Given that there’s no right or wrong way to use Sketch to develop a design system, it is always valuable to look at what designers do to evangelize the consistency and efficiency of design operations.
Sketch as the key tool for developing a Design System. On Tuesday, April 28th, the Sketch Meetup Zürich hosted a session with Matteo Gratton VP of experience at Barclays. Matteo walked us through his workflow based on Sketch. He showed us the whole process he and his team rely on to deliver a unique source of truth for building successful digital experiences.
Here are a couple of questions Matteo replied to during the session and we thought was worth fleshing them out in more detail:
What is the “must-have” plugin that needs to be included in your workflow?
I think a plugin must rely on the core tool features: it should not touch them in any way. I wouldn’t name any of those plugins (you can easily think of some of them, as they’re quite famous).
What a plugin must-do for me is to ease my workflow. Maybe with a combination of a few plugins, you can save hours of work and the pain of redoing the same action many times. I’d like to mention here some of them I’m used to using every day managing libraries, as the topic of our Meetup (Design Systems) is heavily based on them:
- Automate by Ashung Hung is a massive plugin with a huge number of features. What I use more often are the Layer arrangement options to reorder layers based on position and the Guide management options to copy and paste guides easily between Artboards. You can dig into the options, as there are options for almost any use.
- Free Flow by Francesco Bertocci. It is a daily evolving plugin that creates magic with the overrides for me. Like Automate, this plugin has many options.
- I often use the combination of Select Similar Layers by Wessley Roche and Rename It by Rodrigo Soares to reorganise and rename a huge number of layers in just a few steps.
- Symbol Organiser by Jason Burns. It is my choice to have the symbol pages well organised, ordered and readable.
There are a few other plugins I’m used to using, but those are for managing my work with a Design System; those are the ones I use day to day.
I want to mention here also that it’s possible to develop your own plugin. If you’re managing a Design System for a big company, you likely want to speed up the teammates’ day-to-day work. Developing a plugin could be an easy solution to deliver consistency and an easy approach to a complex system.
You mentioned several times your desire to convince people to follow the UI/UX guidelines available in the Design System. How do you evangelize this message?

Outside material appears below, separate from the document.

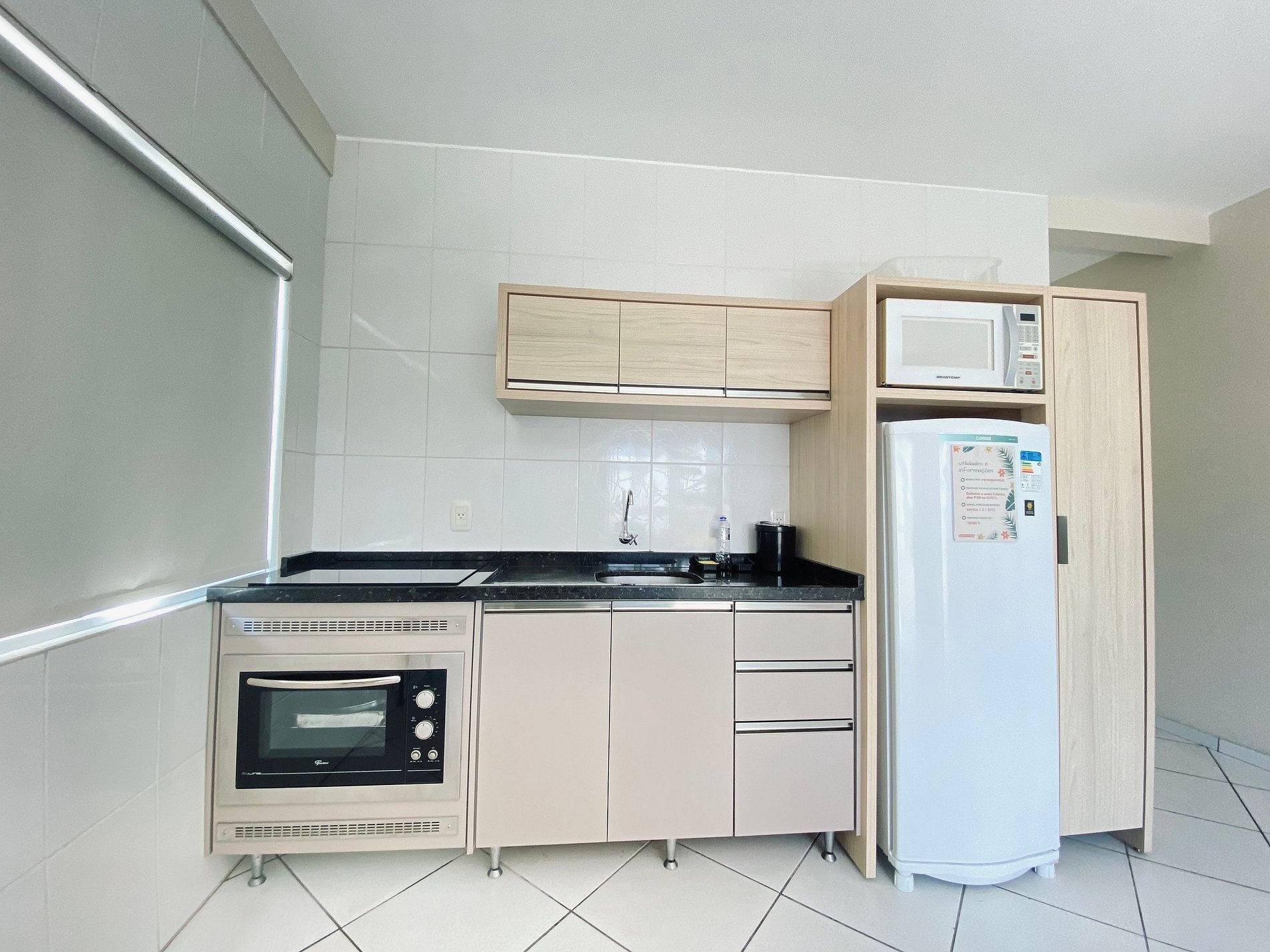 A cozinha é equipada com todos utensílios necessários para sua estadia, como forno elétrico, cooktop, micro-ondas, sanduicheira, liquidificador e cafeteira.. Também é oferecido aos hóspedes roupas de cama e banho, e a cada três dias é realizada a troca, para sua maior comodidade.
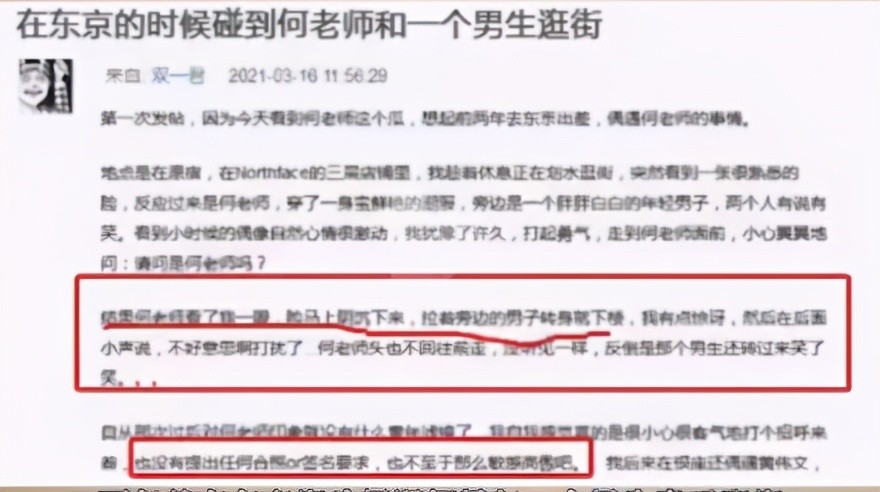 他的这一系列操作也是让网友浮想联翩,这不,立刻就有人发文称两年前在东京街头偶遇何炅与一个男生牵手逛街。

This is probably one of the main goals of any Design Ops and Design System manager. To me, the most effective way to evangelize the proper use of a Design System is to make people aware of its complexities and to be part of the development of the system itself.
My answer would be something a bit far from the Design System itself: work hard to create a community around it—before it, within it. A system will help to create a shared language, knowledge, and even experience among different teams (Design, Development, and Product, at least). My starting point is to make it happen that those people would like to meet and create something together.
Within the Sketch libraries (it does not depend on the tool, as this is valid for any shared library, component, or code), I think that the main reason that would help people to stick to the Design System itself is the visible maintenance of it. If a new feature is released in your tool, you have to review the components that would benefit from it. If a new way to manage your code lands, you must review it accordingly. The people who would use your Design System as a service need to have it up to date to use it. Otherwise, they’ll fork it and edit it.
Remember: a Design System is a living entity. It does not stop to evolve. It does not have an endpoint (if you dismiss it for something else). It deserves to be developed and needs care!
The Sketch Meetup Zürich will shortly come with other interesting sessions on how to design successful digital experiences with Sketch
If you are a Sketch enthusiast or want to know more about it just hit the “subscribe” button on the Meetup page and stay tuned!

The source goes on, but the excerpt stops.